What is expected: For this exercise, please transcribe exactly and only the lines from the one containing "6 GENEROUS COMPARTMENTS: Multi-compartment" through the end of the material, both ends included, without pictures.

══ Given material

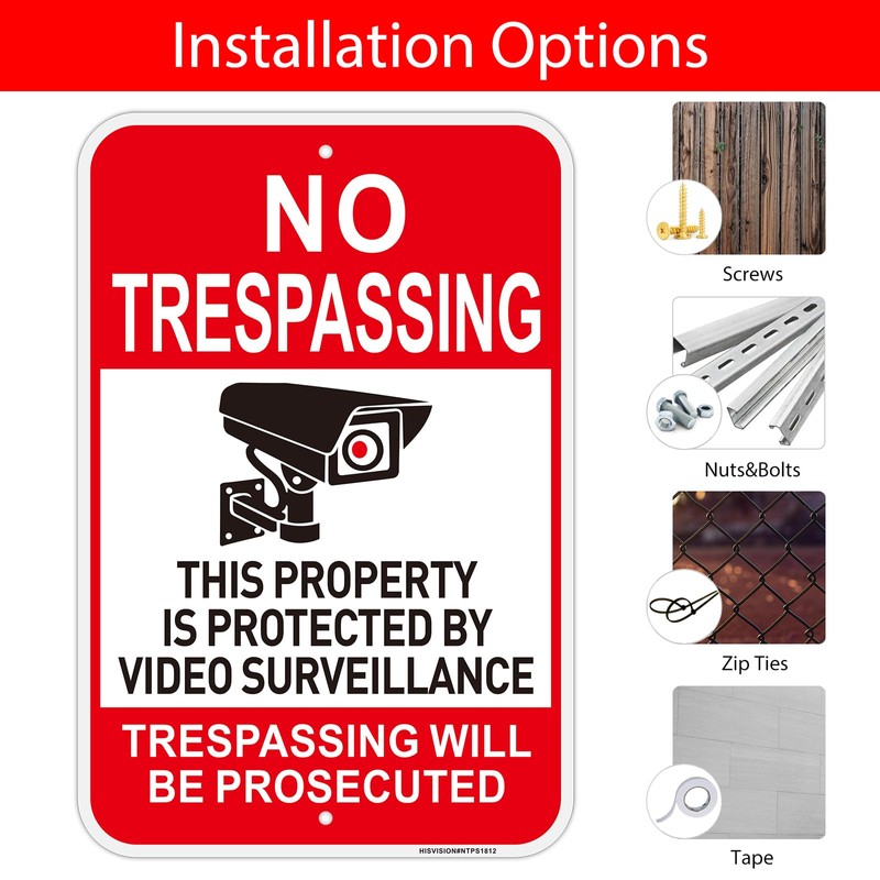 - Easy to Install: Private property signs have two pre-drilled holes, can be mounted with screws, nails, zip ties or tape, easy to install on a variety of surfaces including walls, fences, poles and gates.
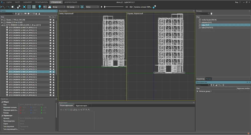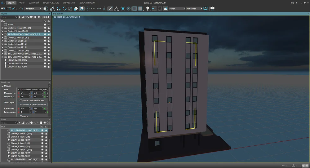 Комплекс состоит из двух программ – для светотехнических расчетов и проектирования, а также управления освещением на архитектурных объектах в автоматическом и ручном режиме. LightCAD позволяет расставлять коммутационные аппараты, учитывать защиту и нагрузки. ПО упрощает работу с масштабными проектами благодаря автоматизации создания схем проводок, групповых линий и спецификаций.
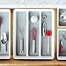 6 GENEROUS COMPARTMENTS: Multi-compartment drawer organizer separates kitchen essentials and streamlines drawers; Keep items organized and ready to use; Sort place setting pieces, knives, forks, spoons, spatulas, whisks, wine stoppers, bottle openers, bag clips, baking utensils and other kitchen gadgets; Get that junk drawer organized - perfect for containing pens, pencils, scissors and other kitchen clutter; Expand the organizer tray to fit any drawer width and create a sixth compartment
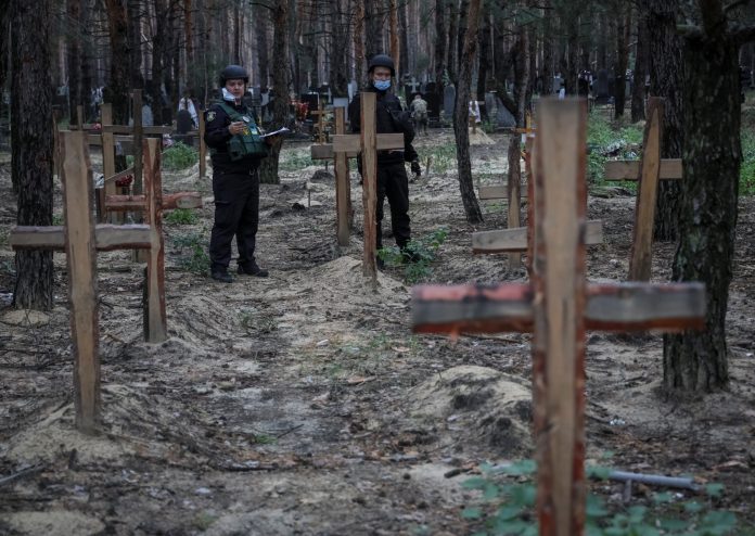 Mais de 440 sepulturas foram encontradas em uma floresta perto de Izium, no leste da Ucrânia. Alguns dos corpos estavam com as mãos amarradas. Outros mostravam sinais de terem sofrido violência.

════

Solution for this problem:
 6 GENEROUS COMPARTMENTS: Multi-compartment drawer organizer separates kitchen essentials and streamlines drawers; Keep items organized and ready to use; Sort place setting pieces, knives, forks, spoons, spatulas, whisks, wine stoppers, bottle openers, bag clips, baking utensils and other kitchen gadgets; Get that junk drawer organized - perfect for containing pens, pencils, scissors and other kitchen clutter; Expand the organizer tray to fit any drawer width and create a sixth compartment
 Mais de 440 sepulturas foram encontradas em uma floresta perto de Izium, no leste da Ucrânia. Alguns dos corpos estavam com as mãos amarradas. Outros mostravam sinais de terem sofrido violência.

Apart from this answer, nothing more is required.